Ascorbic acid destroys vitamin B₁₂; therefore ascorbate-treated serum cannot be used for B₁₂ assays. Methotrexate and folinic acid interfere with folate measurement because these drugs cross-react with folate-binding proteins. Minor degrees of haemolysis significantly increase serum folate values as a result of high red cell folate levels. Lipaemia with >2.25 mmol/l (2 g/l) of triglycerides and bilirubin >340 µmol/l (200 mg/l) may affect assays.

High cobalamin levels were thought to be due to B₁₂ therapy, vitamin supplementation, myeloproliferative neoplasms or liver disease. In the absence of these factors, assay interference may result from immunoglobulin–B₁₂–transcobalamin complexes.³⁵

Post-analytical Factors

The clinical interpretation of laboratory data should take account of the positive or negative predictive value of a result.

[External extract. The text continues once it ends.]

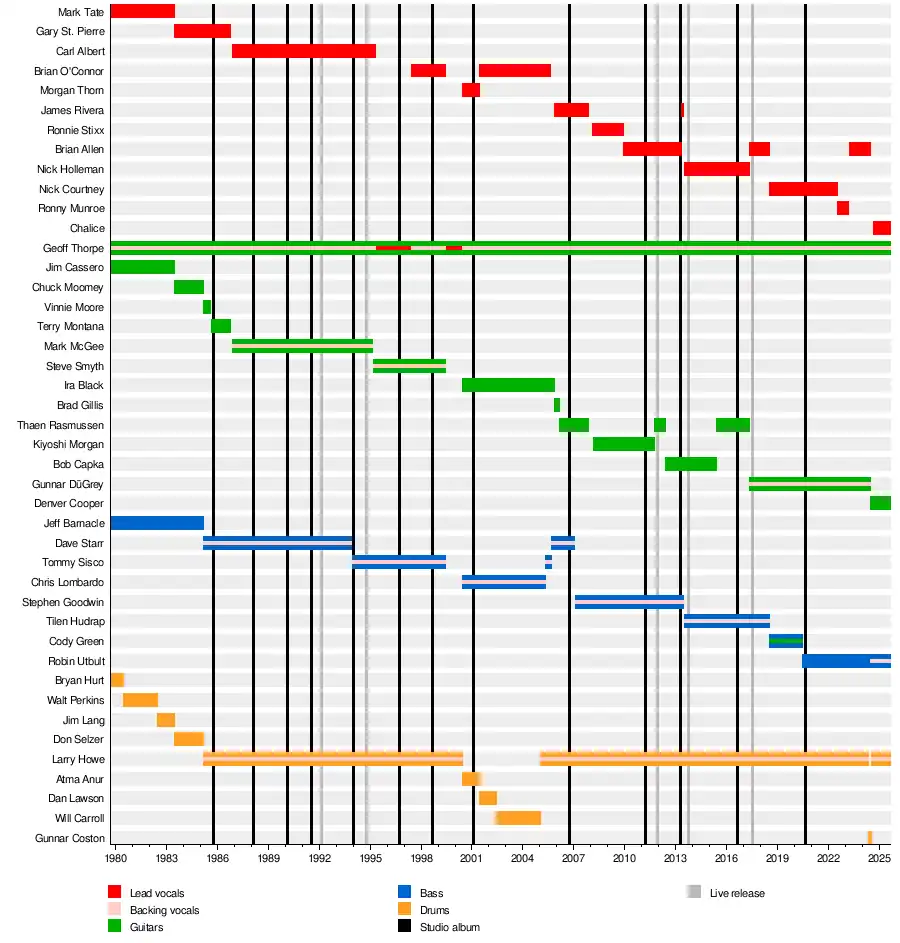 A few months after Courtney's arrival, Vicious Rumors began touring with new bassist Cody Green in place of Hudrap, who had joined Pestilence.[38] In 2020, the band released Celebration Decay, on which bass was performed by Greg Christian. Bassist Robin Utbult became a live member before the album's touring cycle and was confirmed after the recording.[39] In 2022 Ronny Munroe joined as new singer,[40] although he was replaced in August 2023 by the returning Brian Allen who started his third tenure.[41] In May 2024, Howe left the band, he was replaced by Gunnar Coston.[42] The following month DüGrey and Allen also departed.[43] Howe returned in July,[44] alongside new guitarist Denver Cooper.[45] New singer, Chalice (real name Brian Betterton), joined the following month.[46]

The report should include a reference range, the derivation of which should be indicated. Food supplementation with folate or voluntary additional vitamin intake has resulted in bimodal distributions of vitamin levels in some populations, further complicating the definition of normality.

Methods for cobalamin and folate analysis

Microbiological bioassays and radiodilution assays for serum B₁₂ and folate ⁵⁴ are still used, albeit by a decreasing minority of laboratories and continue to play an important role in the evaluation of new automated methods. They are also used in population studies where they are useful in providing information on the long-term comparability of results. (They are detailed in the 9th edition of this book.)

Modern methods are highly automated, heterogeneous, competitive protein-binding assays with chemiluminescence or fluorescence detection systems.

General principles of competitive protein binding assays

The majority of automated single-platform, multianalyte, random-access analysers offer assays for serum B₁₂, folate and homocysteine by non-isotopic competitive protein binding or immunoassays. Second antibodies may be utilized as part of the separation procedures. These assays have been designed for serum assays and the assay platforms may not be optimized for analysis of haemolysates.

Serum B₁₂ assays

Release from Endogenous Binders and Conversion of Analyte to Appropriate Form

Nearly 99% of serum B₁₂ is bound to endogenous binding proteins (transcobalamin I, II and III) and must be released from these before measurement. The release step utilizes alkaline hydrolysis (NaOH at pH 12–13) in the presence of potassium cyanide (KCN), which converts cobalamin to the more stable cyanocobalamin and dithiothreitol (DTT) to prevent rebinding of released B₁₂. Alkaline hydrolysis requires subsequent adjustment of pH to be optimal for the binding agent.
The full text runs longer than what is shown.